I'm beginning to think that we should relegalize dueling. Maybe then people would be more considerate of others if they knew that they might be getting the business end of a .45 at ten paces after they "insult your honor."
on Aug 14, 2004
No no NO, you don't put dead annimals under the porch. You put ALMOST dead animals under the porch. Nothing is as mind-rending as a death rattle at 2 AM.


note to self: do NOT piss off zweihander01, do NOT piss off zweihander01, do NOT piss off zweihander01.
on Aug 14, 2004

I'm beginning to think that we should relegalize dueling. Maybe then people would be more considerate of others if they knew that they might be getting the business end of a .45 at ten paces after they "insult your honor."

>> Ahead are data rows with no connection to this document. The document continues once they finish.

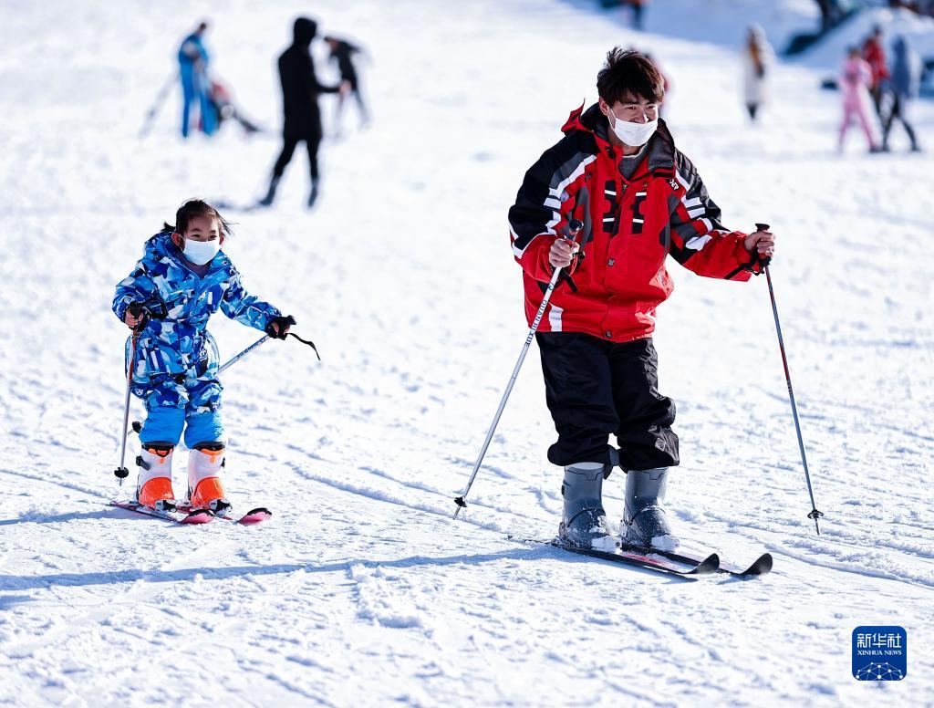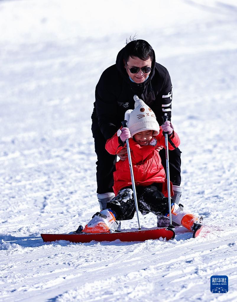 2月19日,市民在寧夏銀川市閱海滑雪場滑雪。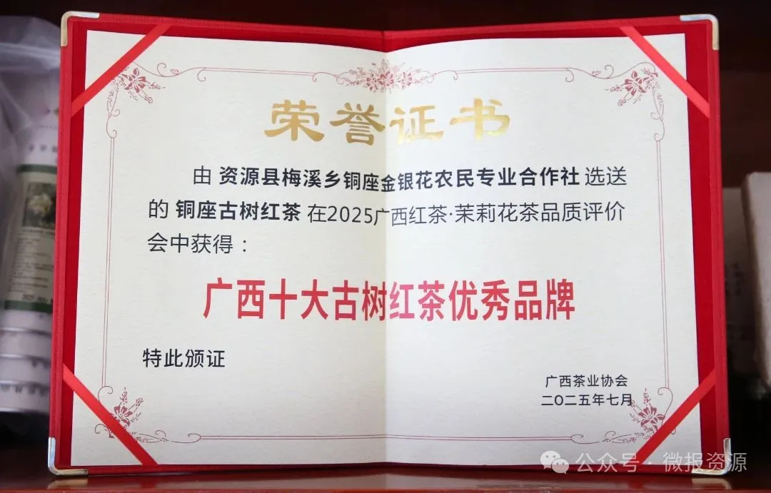 近日,在2025广西红茶·茉莉花茶品质评价会上,资源县铜座古树红茶凭借卓越品质从全区众多参评茶样中脱颖而出,成功斩获“广西十大古树红茶优秀品牌”称号,同时入选广西茶叶五星级品质评价报告榜单,成为桂林市仅8家获此殊荣的茶企之一。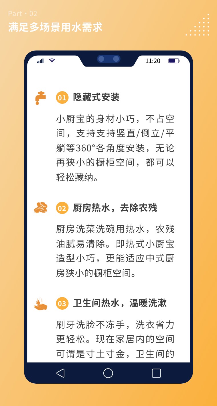即熱式小廚寶既可以用于洗手、刷牙這種多頻次、用水少的短時(shí)熱水,也可以滿足洗碗洗衣服這類長(zhǎng)時(shí)間、大水量用水需求。靈活適用多種場(chǎng)合,沒(méi)有熱水用量限制。搭載的變頻恒溫系統(tǒng),不僅可以恒定水溫,也可以用作熱水器補(bǔ)熱,省電省水,提升體驗(yàn)。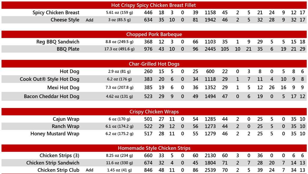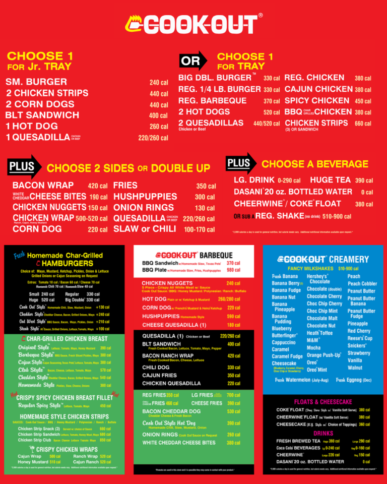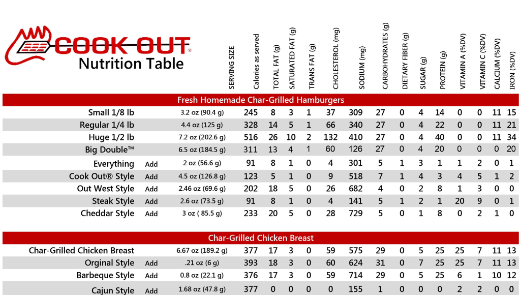 Cookout Nutrition Menu Info
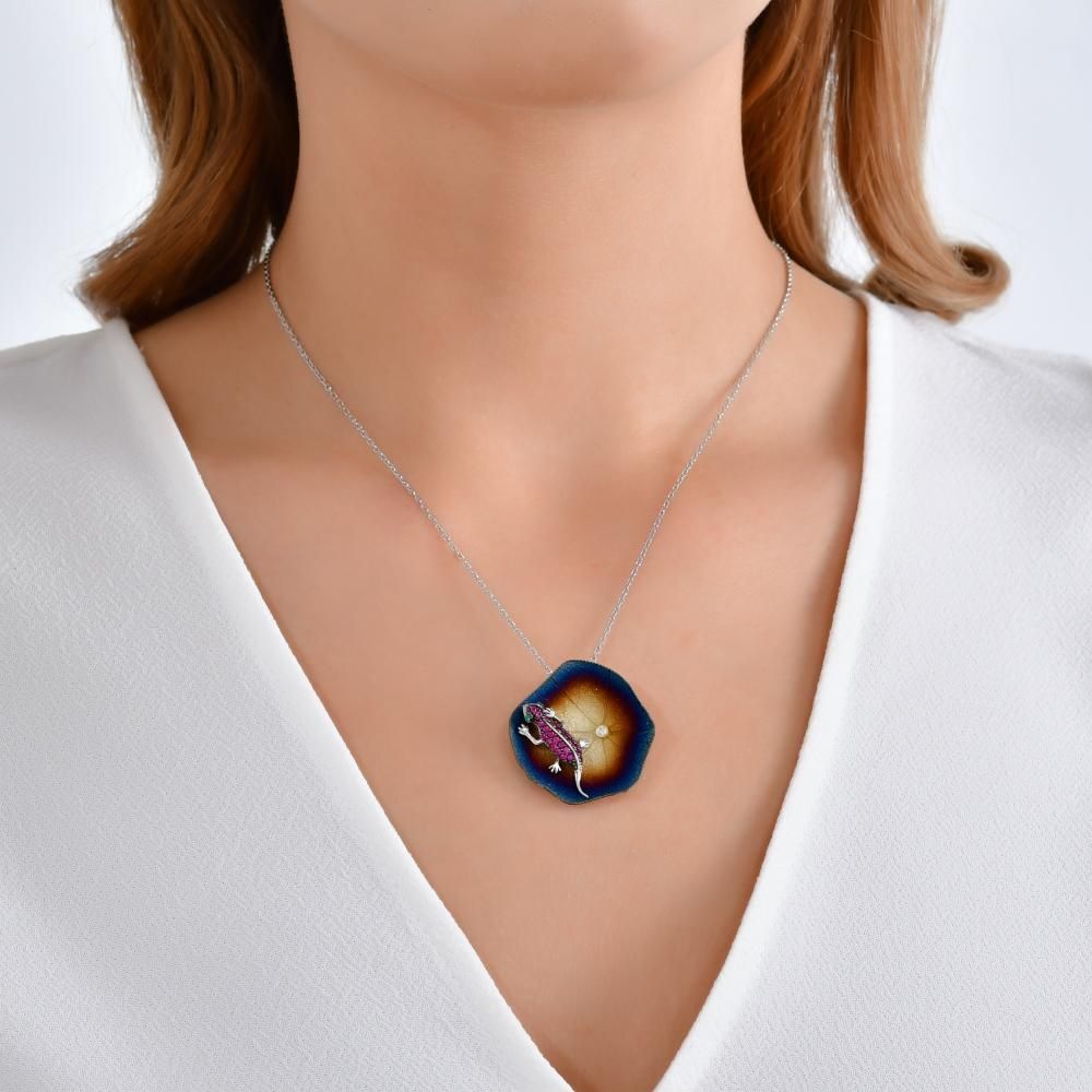 Global Warming Yaprak ve Pembe Kertenkele Tasarımlı Gümüş Kolye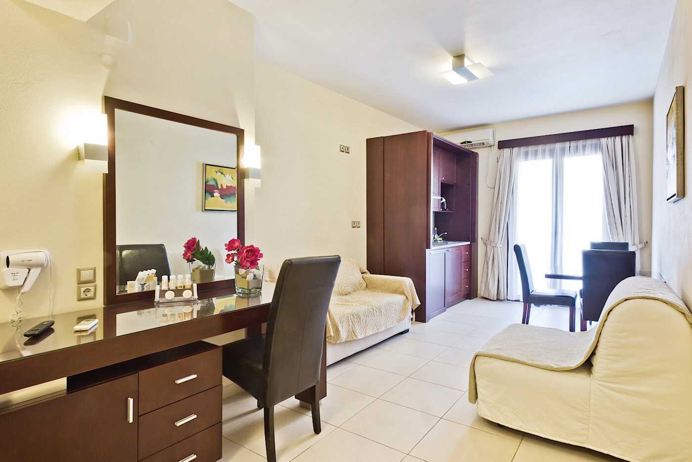 Yksiö parvekkeella. Yhdistetty makuuhuone ja minikeittiö. Parivuode tai kaksi yhden hengen sänkyä. Lisävuodemahdollisuus vuodesohvasta. Minikeittiössä keittolevyt, jääkaappi, voileipägrilli, kahvinkeitin, vedenkeitin ja yksinkertainen keittiövarustus.. Maksuton wifi, ilmastointi ja tallelokero. Tv kansainvälisillä kanavilla. Hiustenkuivaaja ja tossut. Kylpyhuoneessa kylpyamme tai suihku ja wc. Siivous 6 krt/viikko.
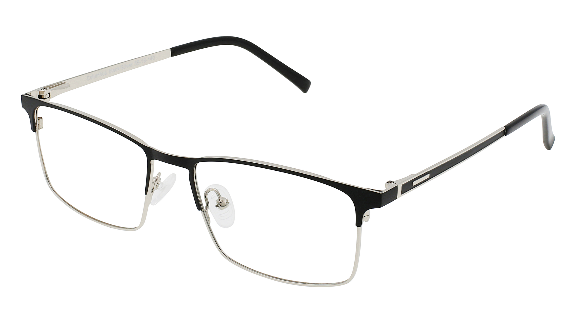 - Columbus is a structured rectangular frame with a high-tech feel. This frame features a black and silver browline and adjustable nose pads.
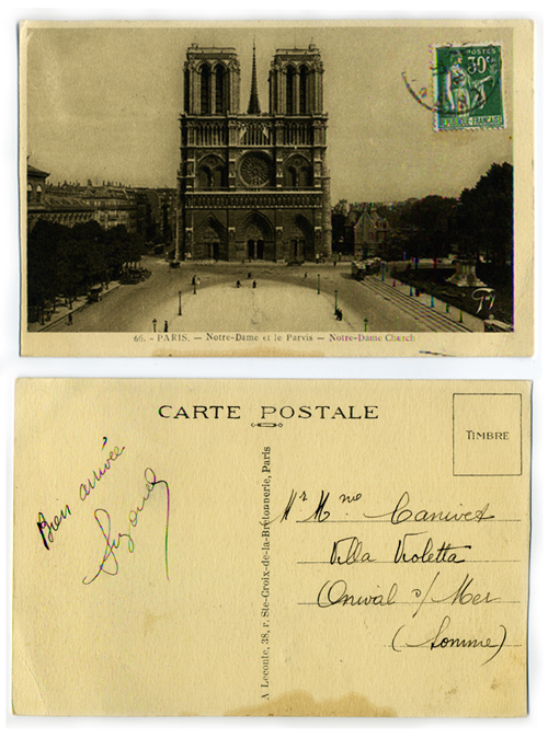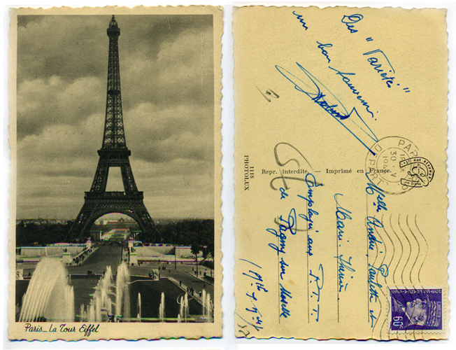 在巴黎北邊的跳蚤市場挑的明信片背後有著陳年的字跡正面的艾菲爾鐵塔和聖母院可以看到巴黎變遷的縮影聖母院廣場旁過去還有輕軌電車呢這次短短幾天時間很匆促下次再好好的去尋寶 從郵戳和郵票看起來 這張應該是1940年代戴高樂掌政時期的巴黎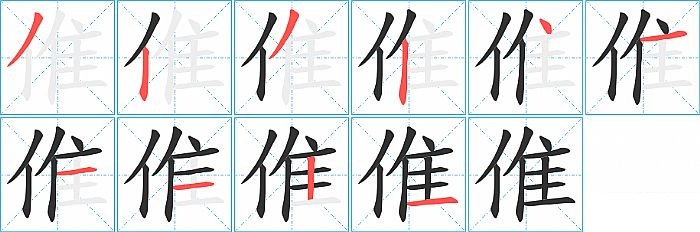 《倠》字的笔顺分步演示图(一笔一画写汉字)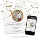Convite de Aniversário de 50 anos de Casamento em Caligrafia de Ouro Branco. Convite de celebração de aniversário de casamento especialmente projetado com elegância, apresentando uma foto personalizada do casal e caligrafia com elementos florais vintage. Uma maneira verdadeiramente memorável e especial de celebrar este marco!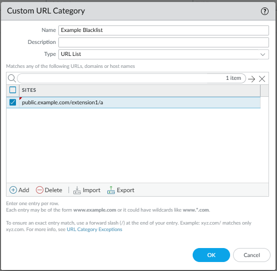 1. Go to Objects > Custom Objects > URL Category, add a custom URL category named "Example Blacklist". Add public.example.com/extension1/a as an URL, do not prepend https:// to the URL list.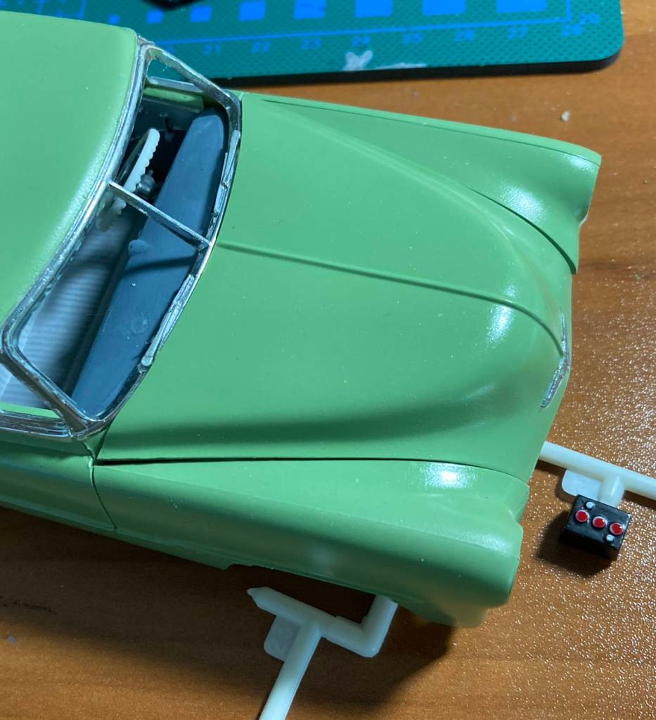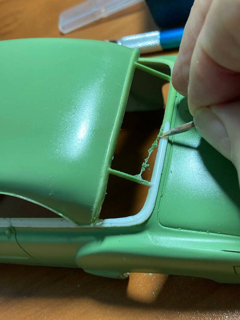 The other car in my life, the model one, got some attention. The clear acrylic came in so I set up for painting. Sprayed the light color coat. Sprayed two coats of clear. I am not at all happy with the paint texture but I don’t know what to do different, and I don’t feel like fussing any longer. I used a toothpick to remove the rubbery “frisket” masking.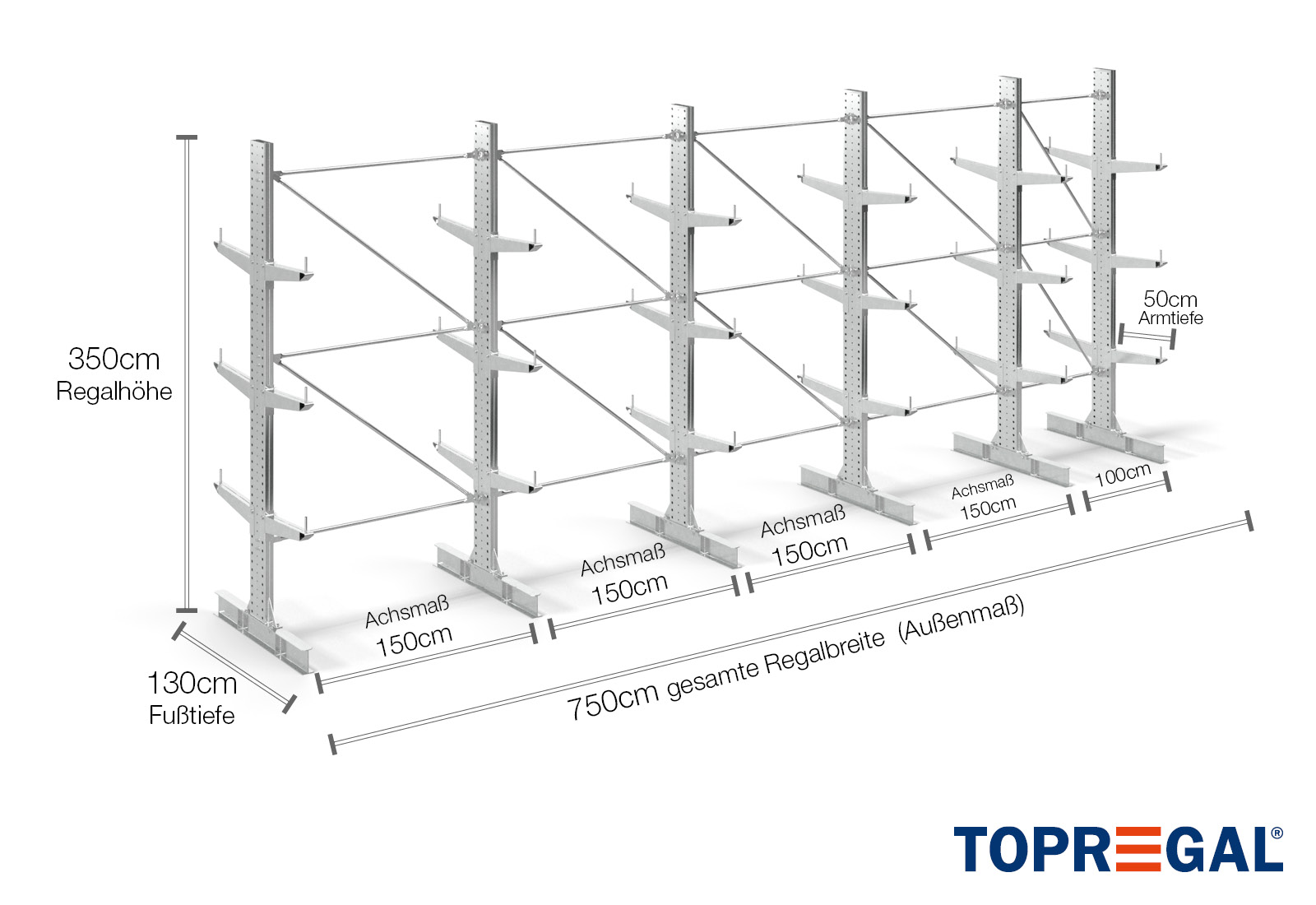 La dimension axiale est la dimension interne entre deux montants d'étagère. Selon le type de cantilever, nous proposons ces champs en 120 cm (KR2500) et en 100 cm / 150 cm (KR3000 / KR6000).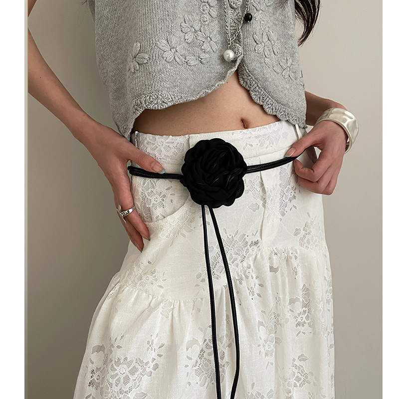 高级感山茶花腰绳女设计感金属爱心腰链2025新款裙子配饰百搭腰带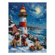 Bring charming, squish-faced charm to your holiday season with this adorable Pug Christmas design! This magical scene features three cute, wrinkled-faced Pugs sitting contentedly at the base of a tall red-and-white lighthouse, which stands majestically on a snowy coastal cliff. The lighthouse is beautifully adorned with glowing Christmas lights and fragrant garlands. The dogs wear festive Santa hats and cozy scarves, surrounded by colorful wrapped gifts and cheerful holly branches. The ocean waves sparkle in the moonlight while soft snowflakes drift gently in the air, creating a truly magical winter holiday atmosphere. This design is a perfect Christmas gift for any Pug owner, dog lover, or admirer of festive and beloved companion dog art, capturing the serene joy of the season.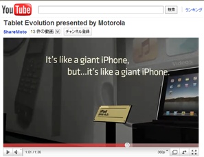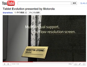 この動画は「Tablet Evolution presented by Motorola」というタイトルで、古代エジプトのヒエログリフが刻まれた石板から、iPadなど現代の最新デバイスに至る“タブレット”の歩みをユーモアを交えて描いている。ライバルであるAppleのiPadは「大きなiPhone」と皮肉を込めたコメントをつけ、SamsungのGalaxy Tabは「Android搭載だが、スマートフォン向けのAndroid」と指摘している。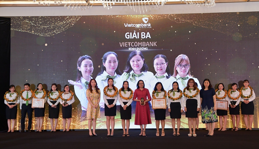 Phó Tổng Giám đốc Vietcombank Đinh Thị Thái (hàng đầu ngoài cùng bên phải) và bà Phan Hồng Nhung - Phó Giám đốc Trường ĐT&PTNNL Vietcombank (hàng đầu ngoài cùng bên trái) trao giải Ba và tặng hoa cho Vietcombank Bình Dương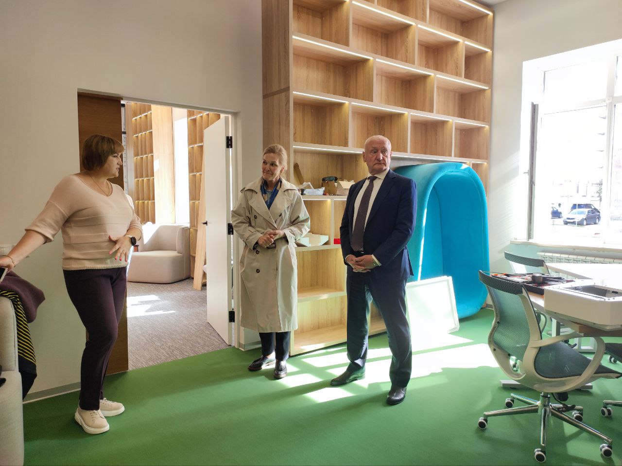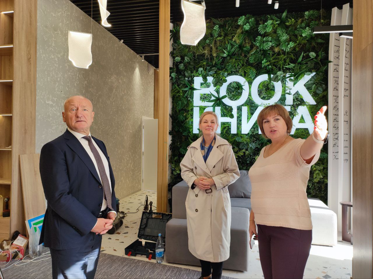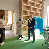 Сначала глава Белоярского района Сергей Маненков и Вера Аркадьевна осмотрели информационно-досуговый отдел Центральной библиотечной системы «Кластер», открытие которого намечено на 16 сентября этого года.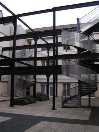 Au centre des ateliers un "puits de lumière" a été créé. Les poutres ont été conservées, des escaliers d'accès ajoutés.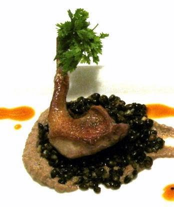 When ready, slice each breast into 3-4 pieces, one of which will contain the wing piece. Place about 1-2 tablespoons of morel puree on each plate and smear it across with the spoon. Mound a little less than ½ cup of the black barley, then lean the leg against it. Layer the sliced breast over the leg and place the sautéed, whole morels around the pile, 3 per plate. Drizzle with a little of the heated demi-glace .

I'm a better shot than she is too.........!

on Aug 15, 2004
Don't know how things are these days, but when I was in, Base Housing was a privilege. I'd go to the housing office the day you leave and file a formal complaint (if you have time - I know moves are hectic). Won't help you, obviously, but when the next tennant has a problem, there will be some background info for the housing gendarmes. If you can't get it done before you leave, just relish the leaving.

Cheers,
Daiwa
on Aug 15, 2004

Base Housing was a privilege. I'd go to the housing office the day you leave and file a formal complaint

It IS a privelege...and I've already spoken to the housing inspector about it.  I'll talk to her again when she comes out to do our final inspection.

on Aug 15, 2004
I was walking back from my friends house with me youngest son, and saw my neighbor (Stupid Girl) and her friends (The Black Elk Bitches) sitting across the street in someone's front yard. As I was walking up my driveway, Stupid Girl stands up, points and me, and yells "Look at her. She's such a stupid fucking bitch. She fucking called to complain about a alarm clock going off. how fucking pathetic. What fucking bitch" Then they (the entire group) all started laughing and clapping. My son said "are they talking about you, mom?". I said I didn't know, but that we should probably just ignore them and keep on walking...I didn't want to tell him that they were, that would just have upset him. So, we came inside, and I went down to my bedroom and cried.


I'm sorry, but if Someone said this too me in front of my kid, come hell or high water there would have been an ass kicking. Might of been mine, but I'd have dug in. That's, what we call here in Texas, BULLSHIT.
on Aug 15, 2004
Wow~ I can't believe what a bitch this girl is! Please file a complaint against her...

Karma will one day catch up with her. She is probably just a miserable human being whoes only joy is trying to make others miserable...


At least you are leaving! YAY for new beginnings!
on Aug 16, 2004
"I think I might just 'forget' our clock radio. I also think that I might set it for 2 am and place it right up against the bedroom wall, turned up to full volume. I think I might see how they like a taste of their own medicine...."

DharmaGrl: Don't just think. PLEASE DO!! Would serve them right!! As for me, I wouldn't mind booby trapping the radio too
on Aug 16, 2004
P.S....this isn't the right thing to do, but....we're staying in Billeting on Wednesday night. I think I might just 'forget' our clock radio. I also think that I might set it for 2 am and place it right up against the bedroom wall, turned up to full volume. I think I might see how they like a taste of their own medicine....


Man you have to do that, seriously, there is nothing at all to feel guilty about there.

The other suggestions were... , well, they made me even more paranoid about ever seriously pissing anyone off.